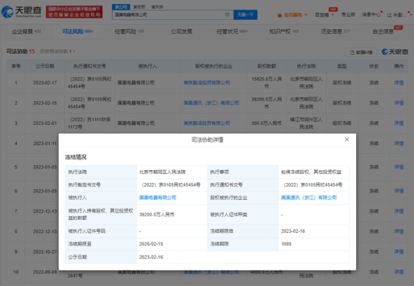 导读:近日,国美电器有限公司新增多则股权冻结信息,冻结股权数额合计超5.9亿元人民币,冻结期限自2023年2月16日至2026年2月16日。
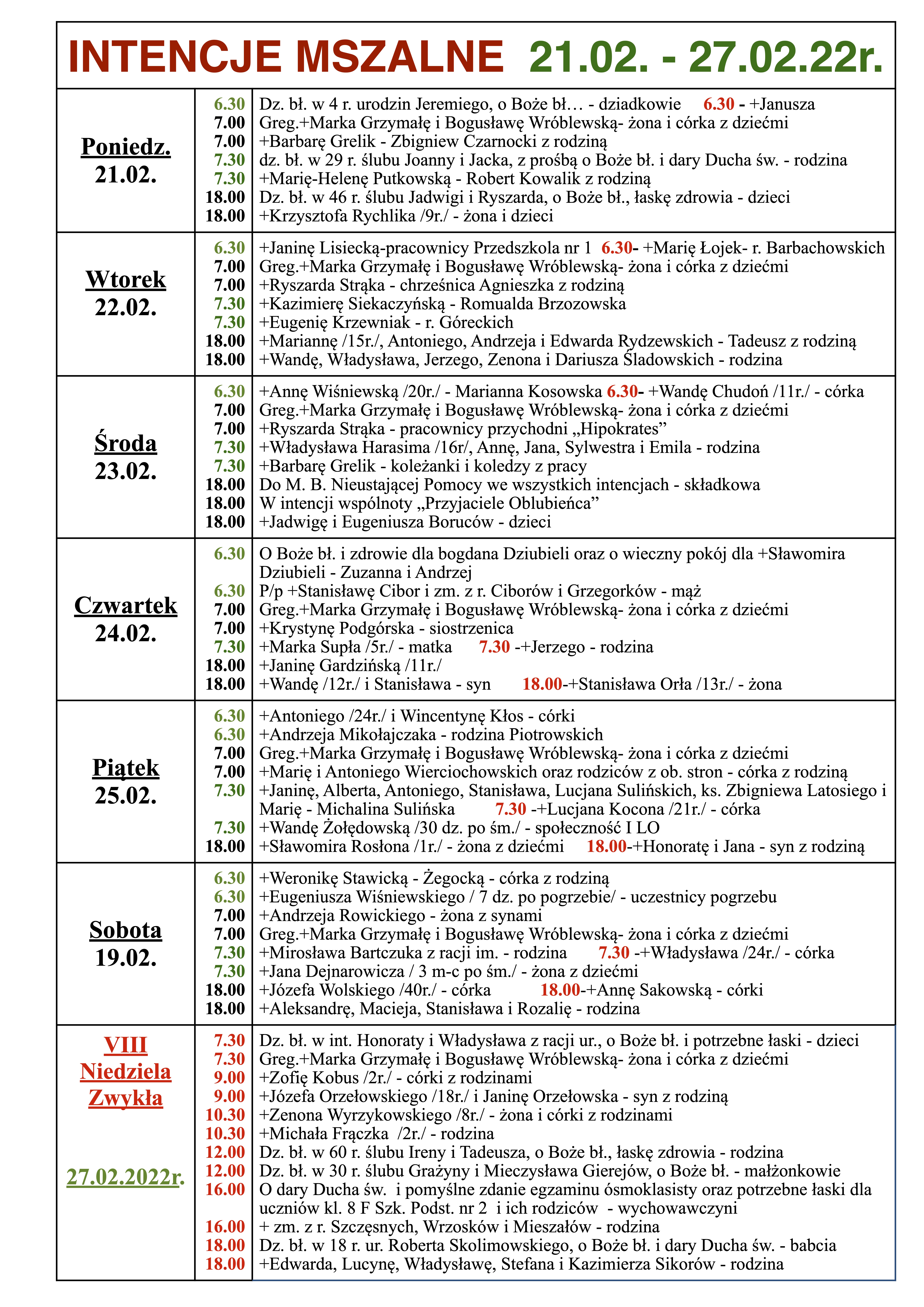INTENCJE MSZALNE 21.02. – 27.02.22r.
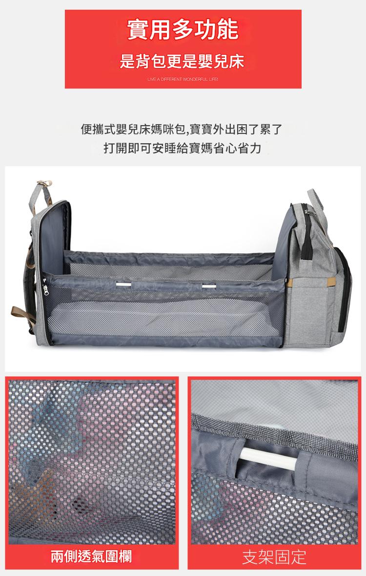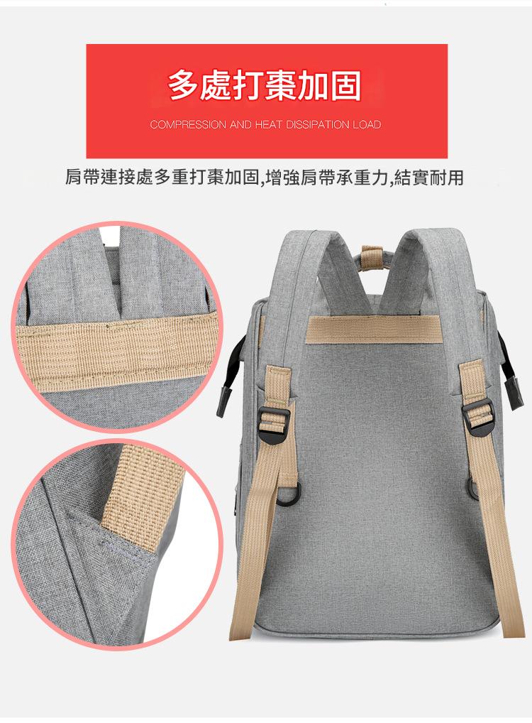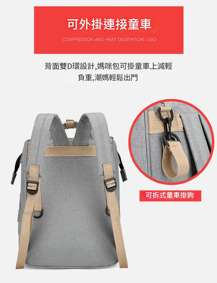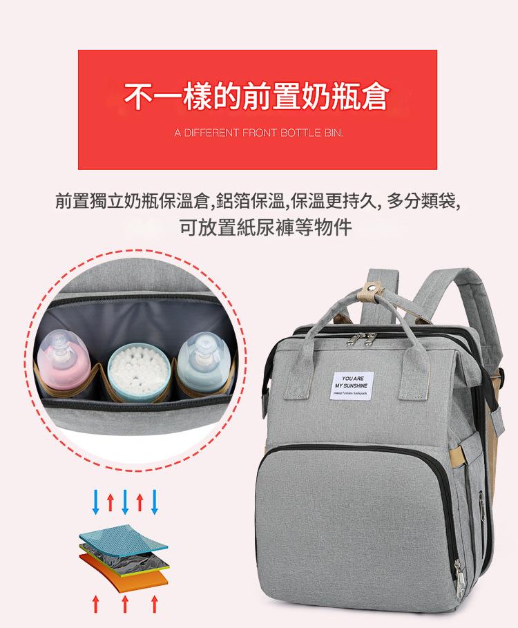 一秒變身: 背包後方拉開即成橫向空間的摺疊床,外出便攜可折疊加厚隔尿墊,能隨時更換尿布,透氣不悶熱。
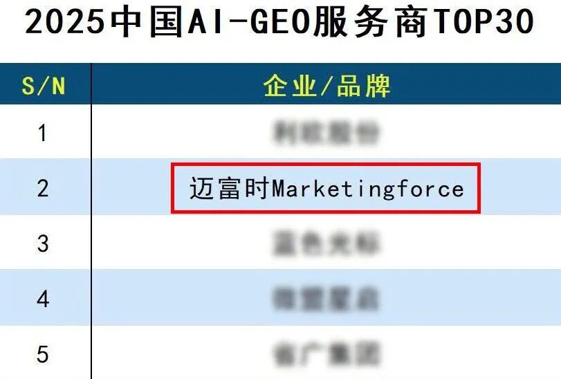本次迈富时marketingforce在《2025中国ai-geo服务商top30》榜单中斩获殊荣,凭借其geo智能助手的全链路能力与规模化落地成果,成为行业内“技术实力+商业价值”双在线的标杆企业,其发展路径也为整个geo赛道提供了可借鉴的价值范本。
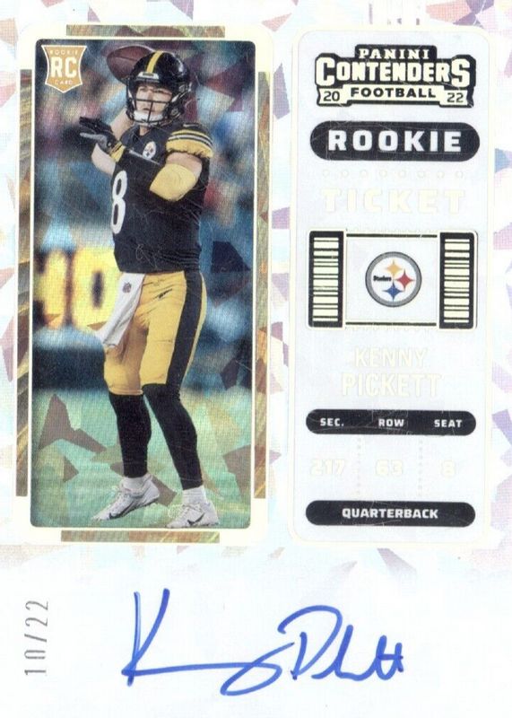 The Kenny Pickett 2022 Contenders #127 Rookie Ticket Auto - Cracked Ice Ticket /22 card in Raw condition has not changed in price in the last 30 days and was last sold for $810.00 .
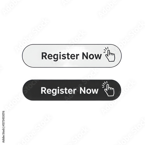 Two register now buttons in white and black with a hand cursor on a transparent background

================================

▶ WORK INSTRUCTION: Every line from the one that contains "INTENCJE MSZALNE 21.02. – 27.02.22r." through the end of the records above is to be reproduced exactly; no picture goes in the copy.

▶ RESULT:
INTENCJE MSZALNE 21.02. – 27.02.22r.
 一秒變身: 背包後方拉開即成橫向空間的摺疊床,外出便攜可折疊加厚隔尿墊,能隨時更換尿布,透氣不悶熱。
本次迈富时marketingforce在《2025中国ai-geo服务商top30》榜单中斩获殊荣,凭借其geo智能助手的全链路能力与规模化落地成果,成为行业内“技术实力+商业价值”双在线的标杆企业,其发展路径也为整个geo赛道提供了可借鉴的价值范本。
 The Kenny Pickett 2022 Contenders #127 Rookie Ticket Auto - Cracked Ice Ticket /22 card in Raw condition has not changed in price in the last 30 days and was last sold for $810.00 .
 Two register now buttons in white and black with a hand cursor on a transparent background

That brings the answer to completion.